■ Supplied data ■

::::

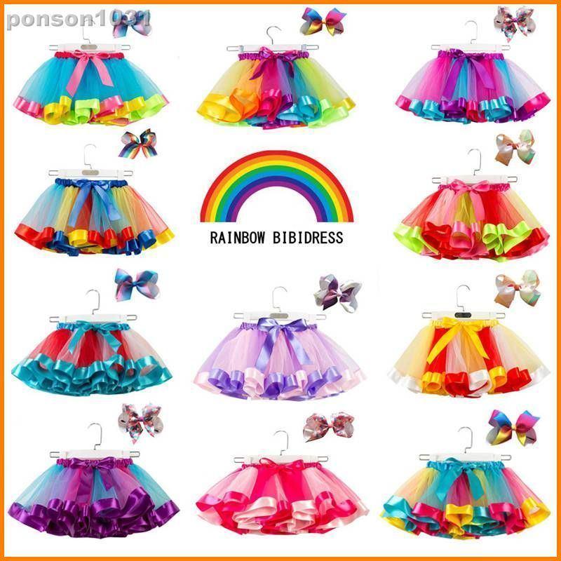 カラフル彩衣装★ふんわり広がる★カラーチュチュスカートチュチュスカート★ダンス衣装 舞台/ダンス★幼児、キッズサイズ!リボンセットレインボー色チュチュ
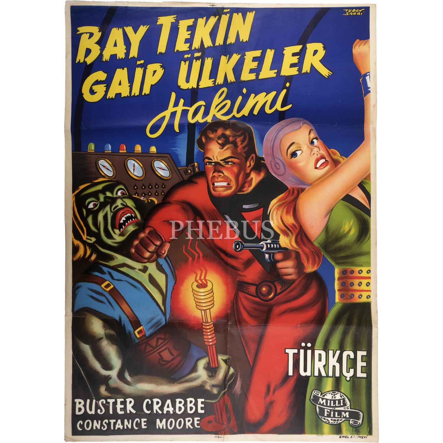 Turan Sabri tasarımlı "BAY TEKİN: GAİP ÜLKELER HAKiMİ" filminin afişi, "Millî Film", Emel Basımevi, 70x100 cm...
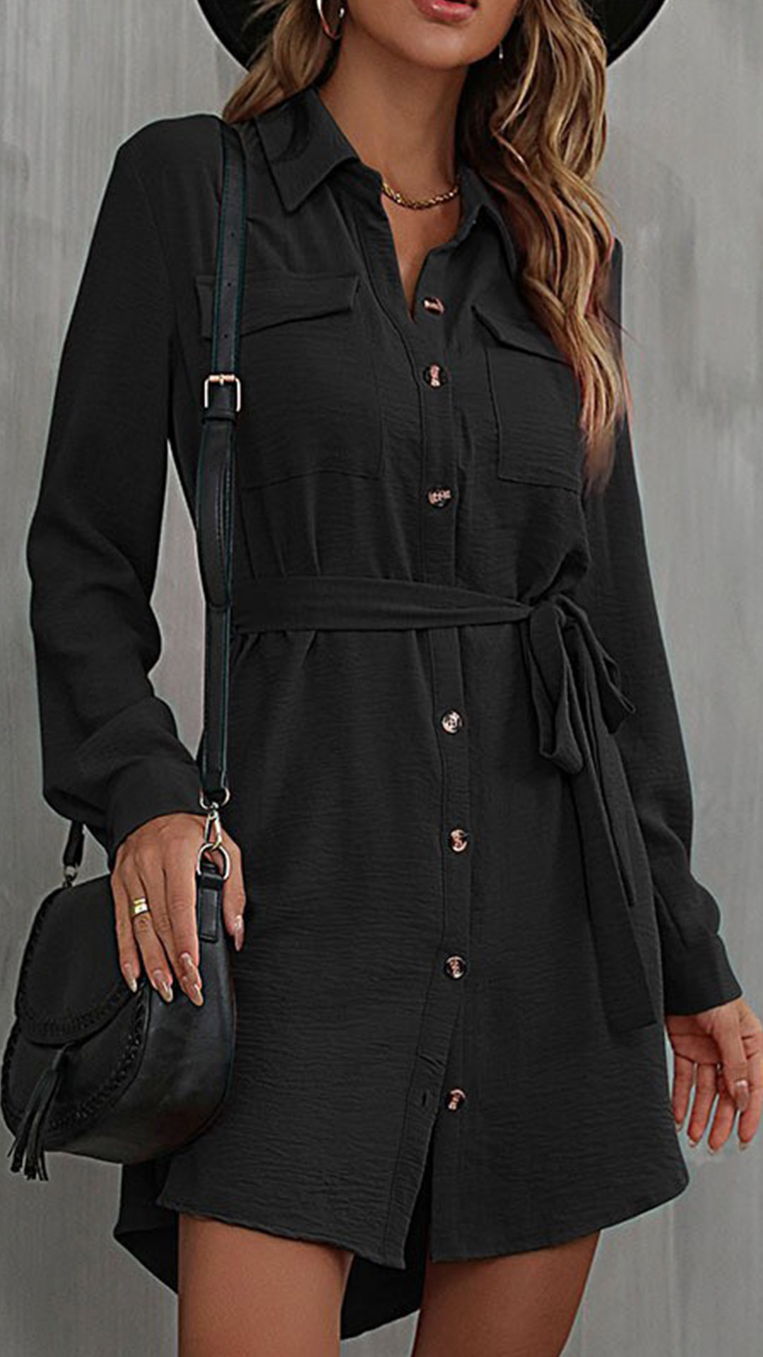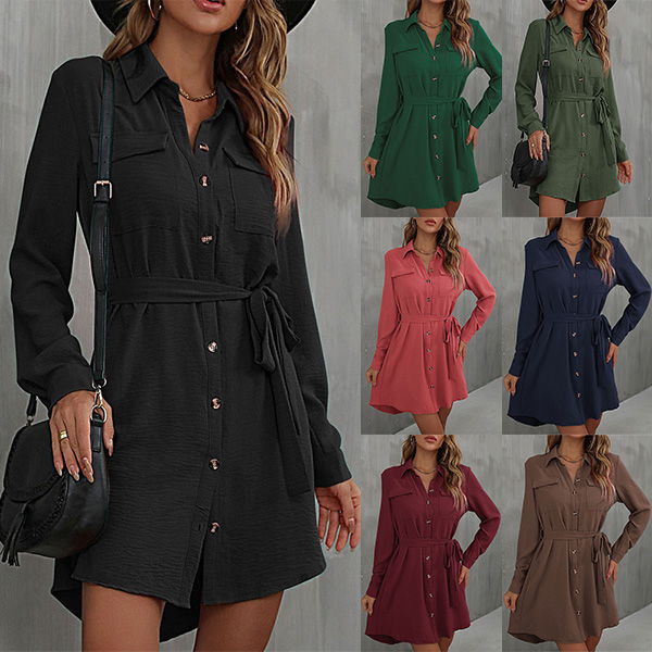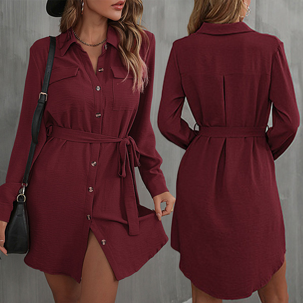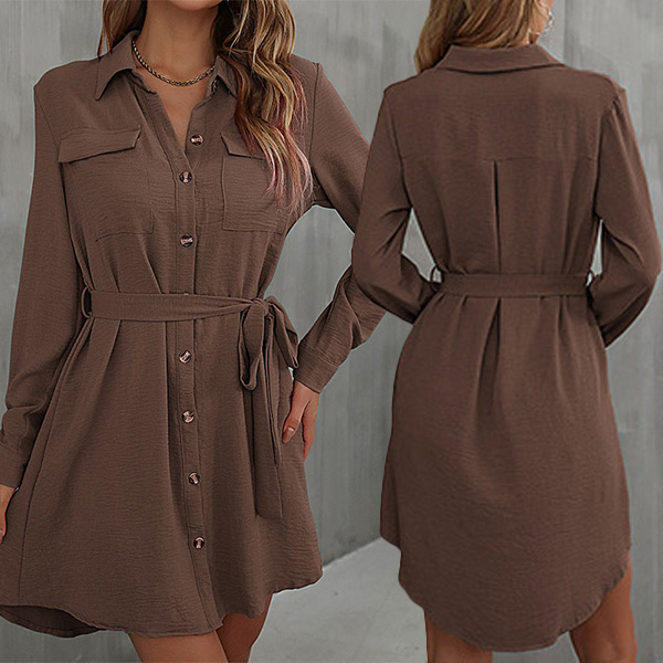 This shirt dress features a button-front closure and a stand collar, and long sleeve for a classic look! This dress is designed to be comfortable and can be worn in casual settings, offering a stylish and effortless look.
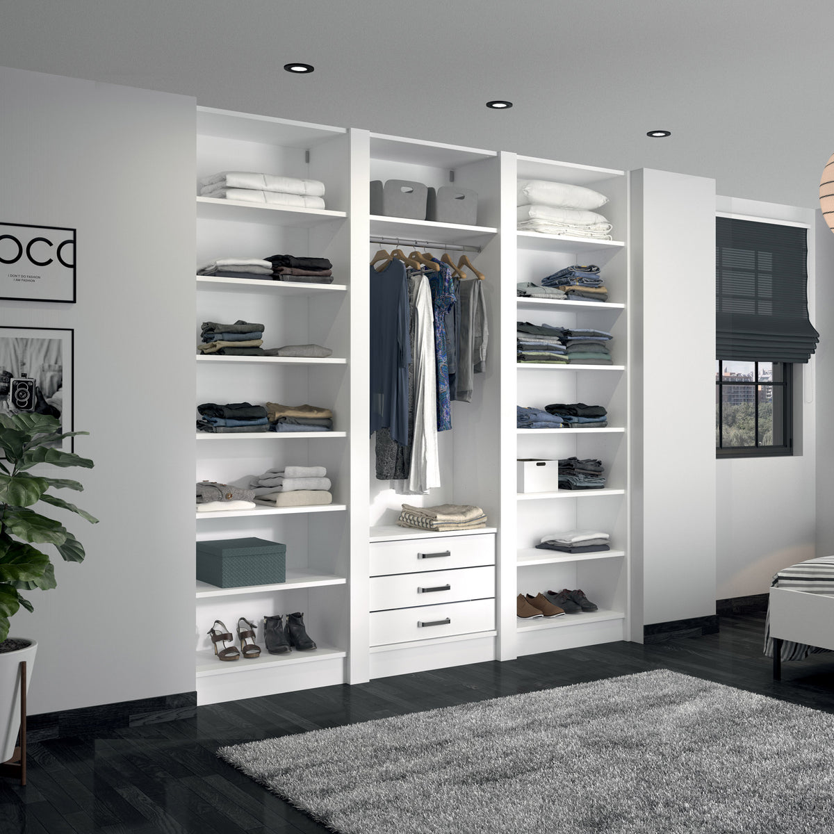 Ce dressing Blanc Mat de 3 espaces est composé d'une tringle (1 penderie longue pour les robes et manteaux), de 14 étagères de rangement (idéales pour les vêtements pliés, comme les t-shirts et les pulls), et de cinq tiroirs simples (pour accueillir les accessoires et les ceintures).

::::

Each line above from the one containing "Turan Sabri tasarımlı" through the one containing "This shirt dress" is to be returned verbatim. Nothing else, and no pictures.

 Turan Sabri tasarımlı "BAY TEKİN: GAİP ÜLKELER HAKiMİ" filminin afişi, "Millî Film", Emel Basımevi, 70x100 cm...
 This shirt dress features a button-front closure and a stand collar, and long sleeve for a classic look! This dress is designed to be comfortable and can be worn in casual settings, offering a stylish and effortless look.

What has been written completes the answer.